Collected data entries
--*--
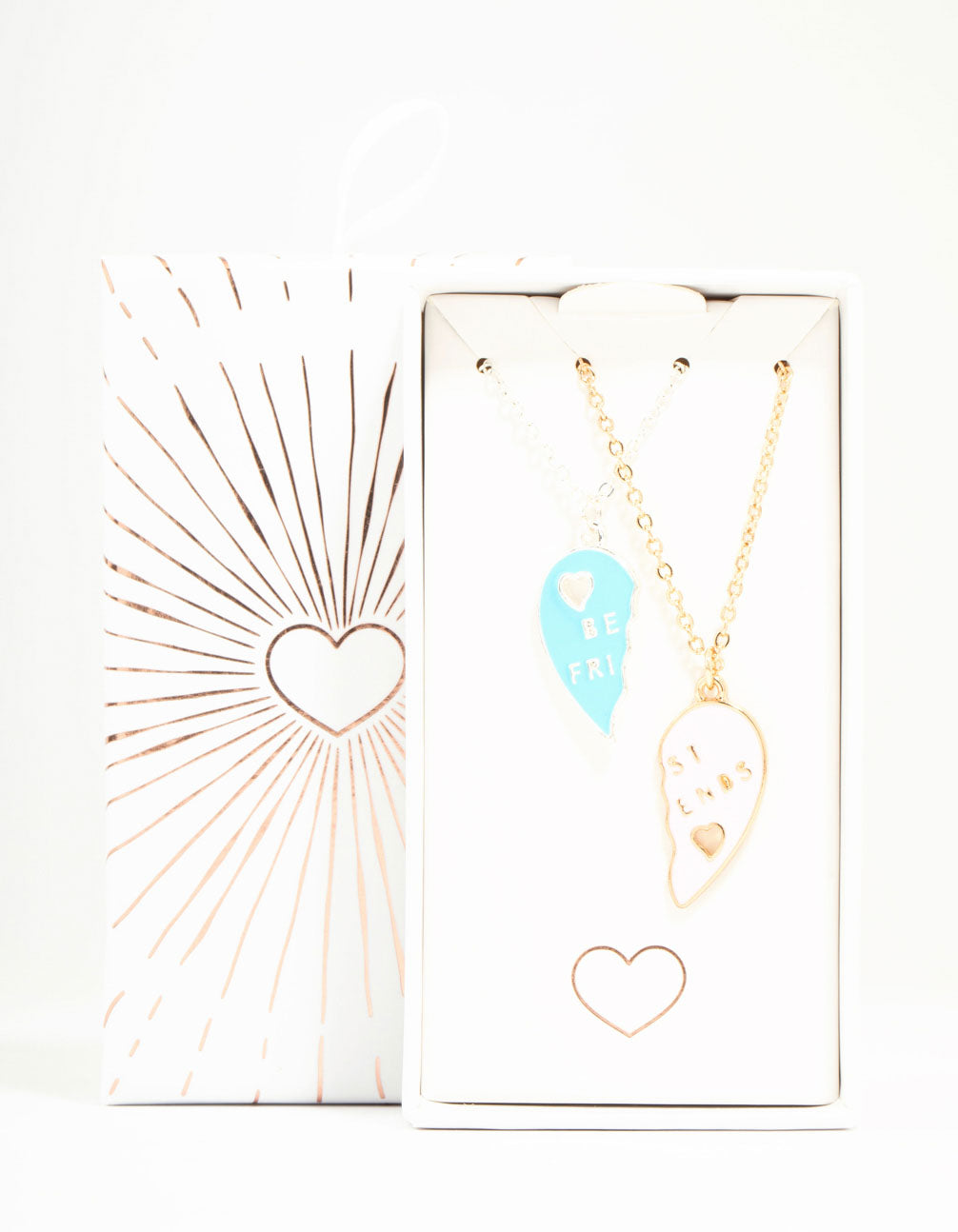 Celebrate your friendship with this chic set of mixed-metal best friend necklaces. The pink and blue heart pendants complement each other beautifully. This unique set is a memorable gift that honours your bond.
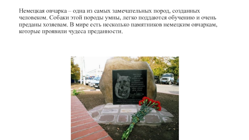 Слайд 4Немецкая овчарка – одна из самых замечательных пород, созданных человеком. Собаки
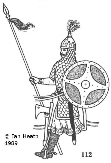 Arms consisted of a sword in a red, green or yellow sheath, a lance of about 8 feet and usually an axe.
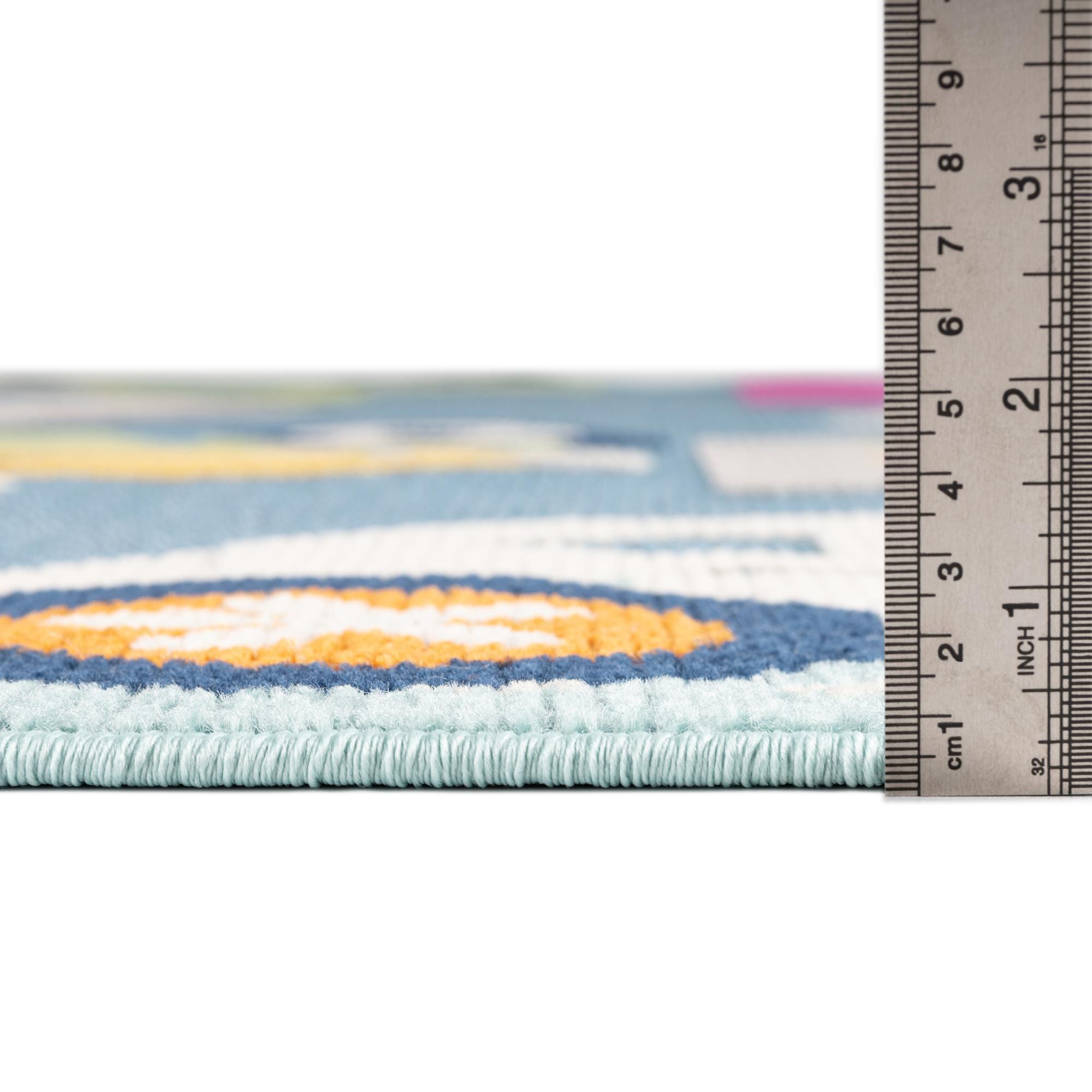 Primary color is Light Blue. Colors in this rug include: Light Blue, Blue, Gray, Ivory, Orange, Yellow, Pink, Navy Blue.
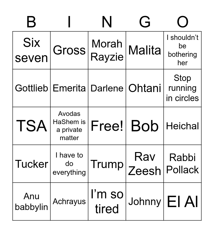 This bingo card has a free space and 46 words: Rabbi Lehrfield, El Al, Chicken soup, I’m so tired, I have to do everything, You’re so annoying, Gross, Surkis, Gottlieb, Bubbie and Zaydie’s Leibowitz, Emerita, Malita, Rabbi Pollack, Rav Zeesh, YZP of P in SI, Renee, Darlene, Bob, Yelloz, I shouldn’t be bothering her, Avodas HaShem is a private matter, Johnny, Six seven, Ohtani, Mookie Betts, Stop running in circles, Anu babbylin, Bibi, Trump, Tucker, Eden Gardens, Houston, Maryanne, I’m so full, Reenas, Achrayus, Heichal, Moshiach, Mrs. Kellerman, Rabbi Goldstein, Toners, Morah Rayzie, TSA, ICE, Baby Moshe and So help you.
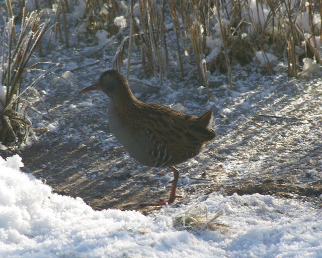 The walk between the hides brought Fieldfare and Redwing though we missed the Brambling that was reported at the feeders in front of the Infocus shop. The final stop was the hen Harrier Hide somewhere we haven't had much luck from in the past but with the sun shining through the glass it was quite warm so we stayed for a good look around. We were rewarded with 2 Water Rail showing very well also a Little Egret and a Meadow Pipit as we left. Amongst the already noted we spotted Tufted Duck and Pochard.
--*--
Work instructions:
Set the pictures aside and transcribe exactly the stretch of lines above, beginning with the one holding "Primary color is" and ending with the one holding "This bingo card".

Task answer:
 Primary color is Light Blue. Colors in this rug include: Light Blue, Blue, Gray, Ivory, Orange, Yellow, Pink, Navy Blue.
 This bingo card has a free space and 46 words: Rabbi Lehrfield, El Al, Chicken soup, I’m so tired, I have to do everything, You’re so annoying, Gross, Surkis, Gottlieb, Bubbie and Zaydie’s Leibowitz, Emerita, Malita, Rabbi Pollack, Rav Zeesh, YZP of P in SI, Renee, Darlene, Bob, Yelloz, I shouldn’t be bothering her, Avodas HaShem is a private matter, Johnny, Six seven, Ohtani, Mookie Betts, Stop running in circles, Anu babbylin, Bibi, Trump, Tucker, Eden Gardens, Houston, Maryanne, I’m so full, Reenas, Achrayus, Heichal, Moshiach, Mrs. Kellerman, Rabbi Goldstein, Toners, Morah Rayzie, TSA, ICE, Baby Moshe and So help you.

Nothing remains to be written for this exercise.